異次元の金融緩和の化けの皮を剥ぐ「日経・東大日次物価指数」

「スーパーの日々の物価動向を示す『日経・東大日次物価指数』が上昇している。前年同日比の上昇率は17日時点で2011年10月以来、約4年ぶりに1%を超えた。円安で製造コストが高まる中、食料品を中心に値上げの動きが広がっている」(22日付日本経済新聞 「スーパー物価1%超の上昇」)

消費者物価指数(CPI)の上昇率が、前年同月比で0.1%の上昇(生鮮食品を除く総合)に留まるなか、「総務省が算出する消費者物価指数(CPI)と長い目で見ると連動する傾向がある」(同日本経済新聞)と言われている「日経・東大日次物価指数」の上昇率が約4年ぶりに1%を超えて来ました。

「日経・東大日次物価指数」が上昇して来たことは、「雇用の改善や賃金の上昇を背景に物価は上昇基調を続けている」(同日本経済新聞)という日銀の見通しを正当化するものだと好意的に捉える向きもあります。しかし、「日経・東大日次物価指数」を詳しく見てみると、ちょっと異なった結論に辿りつくように思います。

物価上昇には、賃金や原材料の値上げなどによる生産コストの上昇による「コストプッシュ・インフレ」と、景気拡大に伴う総需要増大による「ディマンドプル・インフレ」の2つがありますが、日銀が目指しているのは資金供給量を増やすことによる「ディマンドプル・インフレ」です。

足下の物価上昇がどちらのタイプなのかを判定するのに重要なのは、「日経・東大日次物価指数」と同時に「東大日次物価指数プロジェクト」が公表している「日次売上高指数」です。

「売上高」というのは、「価格×数量」というように分解されます。また、スーパーで売られている日常品のほとんどは、価格が上昇すれば販売数量が増え、下落すれば販売数量が減るという特性を持っています。

こうしたことから言えることは、仮に顧客の購買力が高まっているとしたら、「価格」が上昇しても「販売数量」は変わらず、結果的に「売上高」が「価格」上昇分だけ増え、仮に顧客の購買力が弱まっているとしたら、顧客は出費を抑えるために「価格」上昇に対応して「販売数量」を減らし、結果的に「売上高」は増えないということです。

「日次売上高指数」は曜日の関係もあり、「日次物価指数」と比較してとても振れの大きなものなので、同時に発表されている月次指数を民主党政権時代の2012年を100として水準を計算してみると、6月時点での「物価」水準は99.42、「売上高」水準は98.76となり、ともに2012年の水準にも届いていない状況です。

「物価」が上昇して来ているにもかかわらず、「売上高」が伸びていないということは、「販売数量」が増えていない、要するに顧客の購買力が高まっていないことを示唆するものです。

換言すれば、アベノミクスは景気回復に伴う物価上昇という効果を生んでいないということです。

記事の中では、東大日次物価指数プロジェクトを指揮する渡辺努・東大教授の「値上げしても販売が大きく落ち込まないと判断するメーカーや小売店が増えているようだ」というコメントが紹介されていますが、発表された指数は、実際には「販売数量」は増えていないことを物語っています。

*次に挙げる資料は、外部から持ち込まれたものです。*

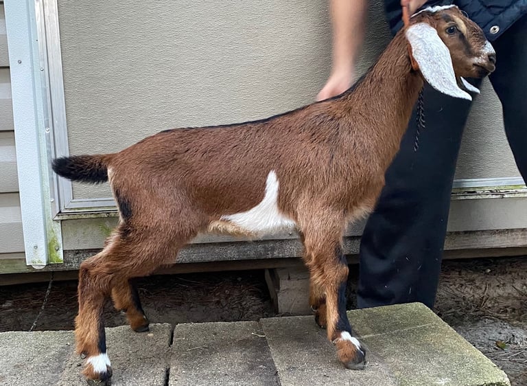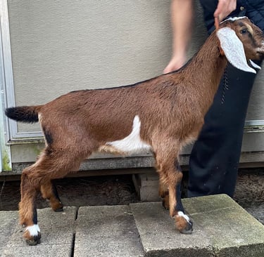 Click the link to go to the page of her retained doeling, Sandhill Oaks DD Galinda who was sired by our herdisire, Blissberry CC Dance N' The Dark.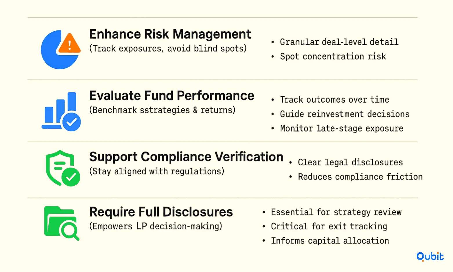 - Detailed PCAP data improves LP risk management by exposing concentration, exposure, and follow-on investment patterns.

しかも、この「日経・東大日次物価指数」では、内容量を減らすといった「隠れ値上げ」は反映されていません。消費増税を期に「隠れ値上げ」が続いたことを考えると、顧客の実質的な「購入数量」はかなり減っている可能性が高いといえる状況にあります。

「値上げしても販売が大きく落ち込まない」としたら、それは顧客が既に生活をしていくうえで最低限必要な水準まで「購入数量」を落して来ており、「価格」に関らず今の「購入数量」を維持せざるを得ない状況に陥っていることを表しているのかもしれません。

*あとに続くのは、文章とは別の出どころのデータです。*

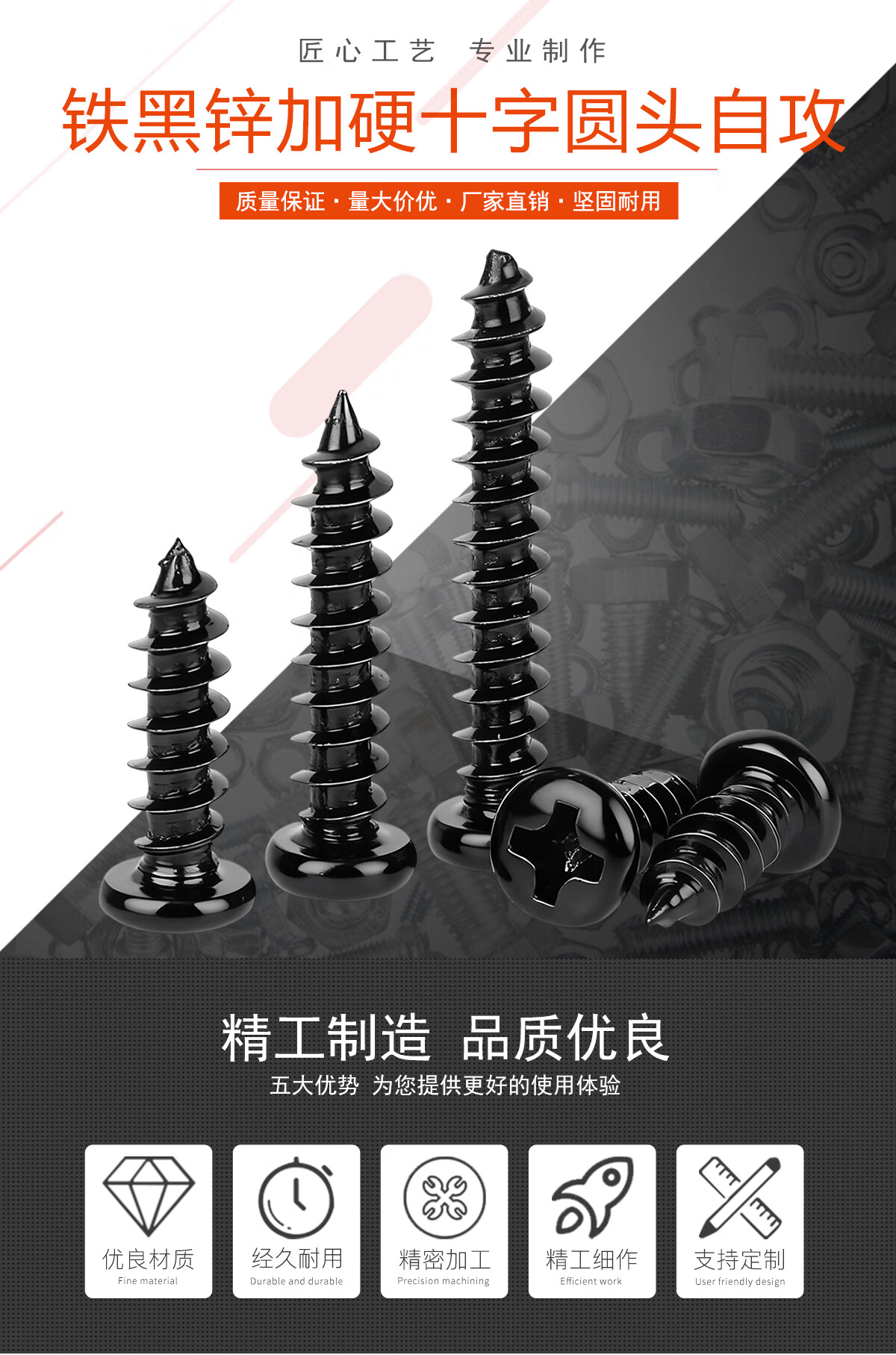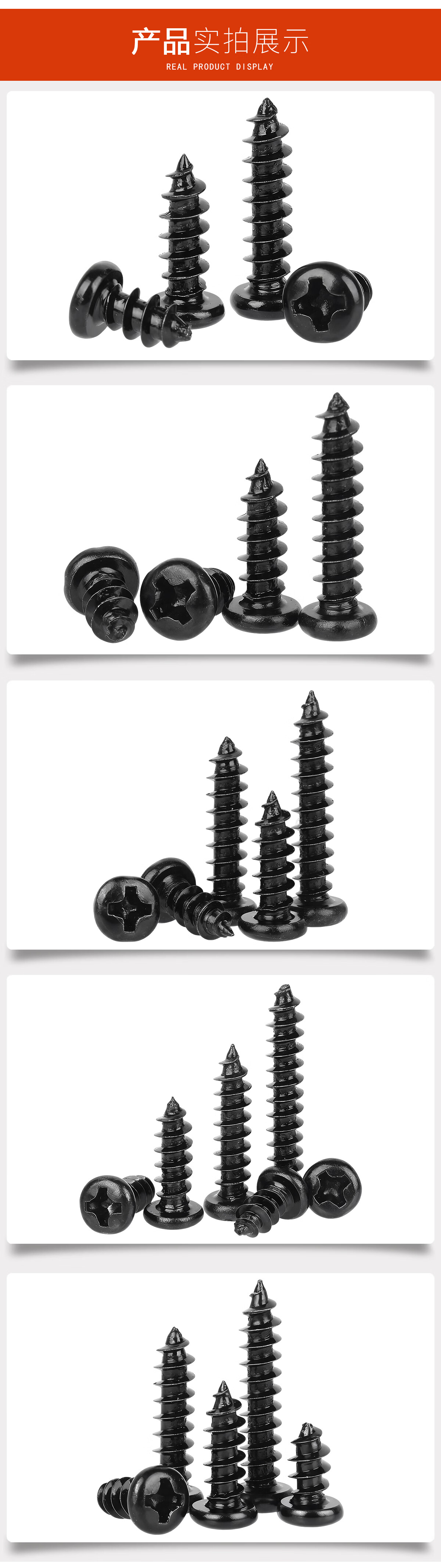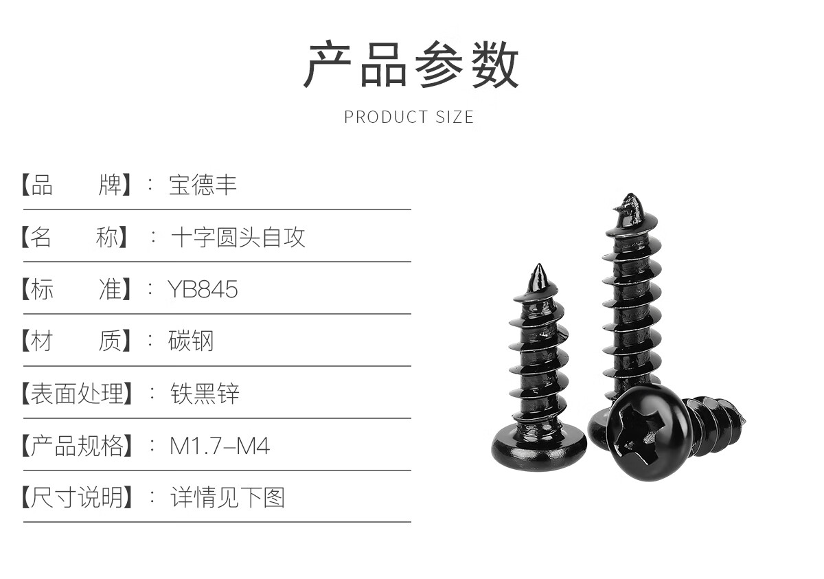 宝德丰PA 加硬铁黑锌发黑色十字盘头自攻小螺丝电子圆头螺钉M1M2M3M4mm M1.7x4 头3.2[1000只]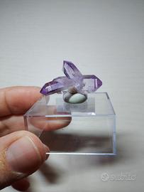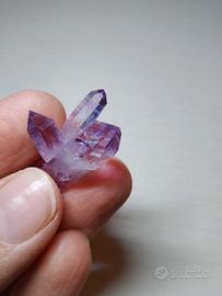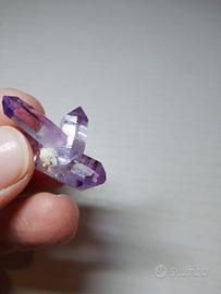 Estetica Ametista di Veracruz, Messico. Le punte sono ben definite. La lunghezza complessiva è di circa 3 cm. Le altre due punte misurano 1 cm e 2 cm circa. Il supporto non è incluso. Minerale naturale ✨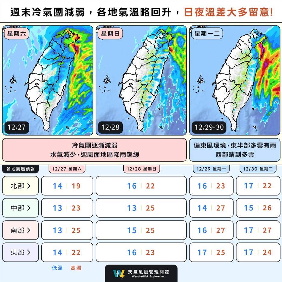 下週一和下週二,東北部、東部多雲,有短暫陣雨,其餘地區為晴到多雲天氣,北部東部稍回升至23度,西半部高溫約24至28度;夜間至清晨西半部有輻射冷卻,日夜溫差超過10度,民眾務必做好保暖。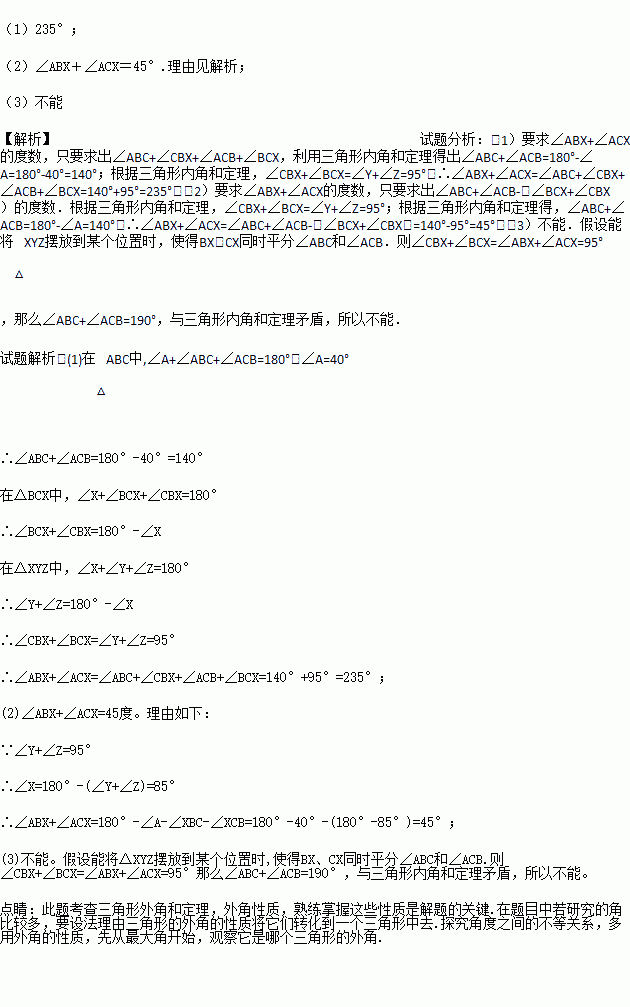 已知:在△ABC和△XYZ中,∠A=40°,∠Y+∠Z=95°,将△XYZ如图摆放,使得∠X的两条边分别经过点B和点C.

「日経・東大日次物価指数」を分析する限り、足下の物価上昇は「ディマンドプル型」とはいえないものです。また、先日実質賃金指数(=名目賃金÷CPI)が2013年4月以来25カ月ぶりにマイナスを脱したことが報じられましたが、CPIに先行して「日経・東大日次物価指数」が上昇して来ているということは、実質賃金は依然としてマイナス圏に沈んでいるということを示すものでしかありません。

「日経・東大日次物価指数」の上昇は、安倍総理が推し進めてきたアベノミクスと異次元の金融緩和の効果の化けの皮を剥ぎ取り、今後安倍総理の支持率をさらに低下させる原動力になるかもしれません。